Siga a folha

Advogado criminal, é autor de "Newton" e "Nada mais foi dito nem perguntado"

Descrição de chapéu Folhajus

Utopia negativa

Supremo manda recados para Bolsonaro e Witzel

Continue lendo com acesso ilimitado.
Aproveite esta oferta especial:

Oferta Exclusiva

6 meses por R$ 1,90/mês

SOMENTE ESSA SEMANA

ASSINE A FOLHA

Cancele quando quiser

Notícias no momento em que acontecem, newsletters exclusivas e mais de 200 colunas e blogs.
Apoie o jornalismo profissional.

A ADPF das Favelas, como foi batizada a ação movida pelo PSB (Partido Socialista Brasileiro) no Supremo Tribunal Federal, para inibir ações policiais nos morros cariocas durante a pandemia, é um sinal constrangedor da utopia negativa que prevalece no Brasil.

Não é obra de ficção.

Só facínoras são capazes de usar helicópteros em área residencial como plataforma de tiro e terror. Só facínoras promovem tiroteio de balas perdidas na vizinhança de escolas e hospitais. Só agentes corruptos e assassinos apagam os vestígios das ocorrências.

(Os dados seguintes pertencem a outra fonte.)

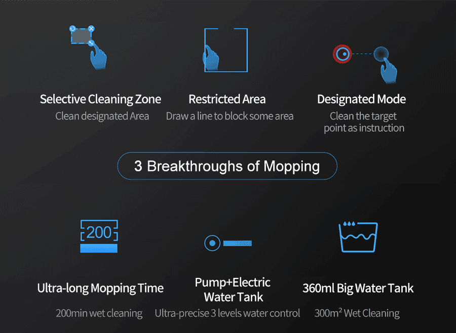 6. X6 has many powerful function since its camera triple navigation. You can direct X6 to clean specific spot on map, you can also set cleaing area or virtual barrier on APP map. X6 also can do breakpoint continuous cleaning .

O Supremo invadiu esfera típica de governo porque, no Rio de Janeiro, mais do que em qualquer outro lugar, deixou de existir normalidade institucional em matéria de segurança pública. É talvez a pior polícia do Ocidente.

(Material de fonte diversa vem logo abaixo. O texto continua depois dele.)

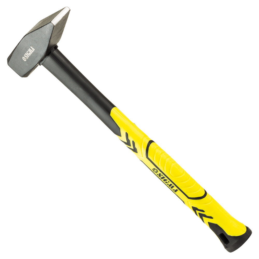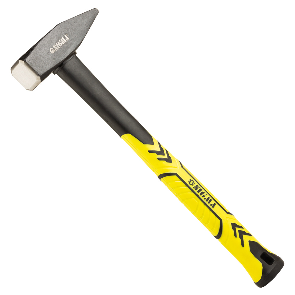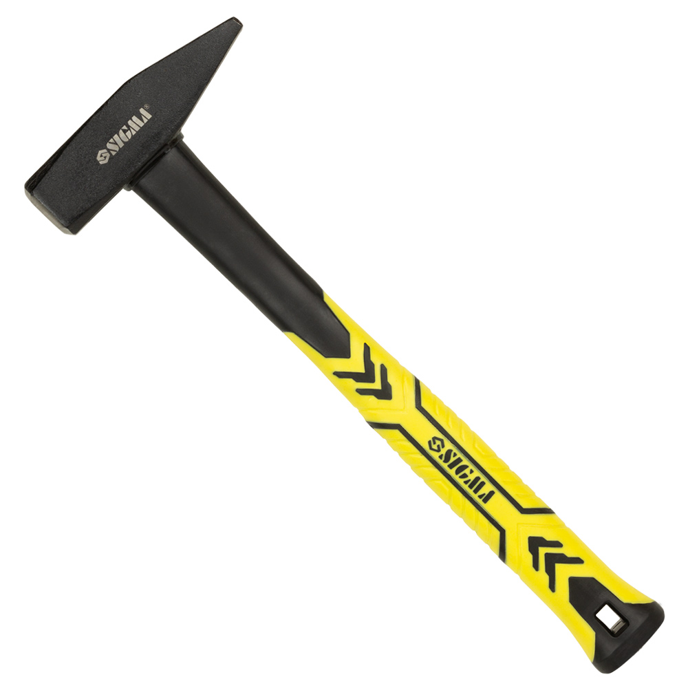 Молоток 800г слюсарний фібергласова ручка Sigma (4316081) застосовується для забивання цвяхів, ручного згинання або кування профільного металу, і так далі. Має міцну ручку зі скловолокна з гумовим протиковзким покриттям, яке не гниє, не усихає, гасить вібрації, стійко до дії олій, бензину та розчинників. Робоча частина виготовлена з кованої, полірованої інструментальної сталі.

Nem nas guerras entre países se toleram tantos desvios de conduta. Por isso, mesmo sendo desnecessário tecnicamente, o Supremo reafirma o dever de o Ministério Público investigar as violações cometidas.

A cautelar concedida pelo plenário do STF tem efeito meramente retórico, mas alcança a aliança ideológica que venceu as eleições no Brasil em 2018. Wilson Witzel e Jair Bolsonaro estão circunstancialmente afastados, mas o governador sempre cumpriu aquilo que o presidente promete e almeja —confronto armado como política pública.

Para Witzel, acuado pelo processo de impeachment, a decisão é demolidora. Cria protocolos a serem seguidos. Mesmo indeferindo, "por ora", o pedido de apresentação, em 90 dias, de um plano para redução da letalidade policial, o Supremo estabelece, indiretamente, a obrigação moral de reduzi-la.

Wilson Witzel, governador do Rio de Janeiro, e Jair Bolsonaro, presidente do Brasil - Mauro Pimentel/AFP

O voto vencido do ministro Gilmar Mendes é para que o governador do Rio de Janeiro se abstenha "de proferir manifestações que incitem a prática de crime ou façam apologia de fato criminoso", sob pena de ser responsabilizado. Não é ficção.

A decisão também atinge Bolsonaro e sua legião de seguidores, formada por corporações policiais e militares e pela bancada da bala. Ele vê com naturalidade o descontrole da violência policial. Ele e seus filhos sempre homenagearam torturadores e milicianos. Jair fala como um tira corrupto: este é o seu principal sotaque.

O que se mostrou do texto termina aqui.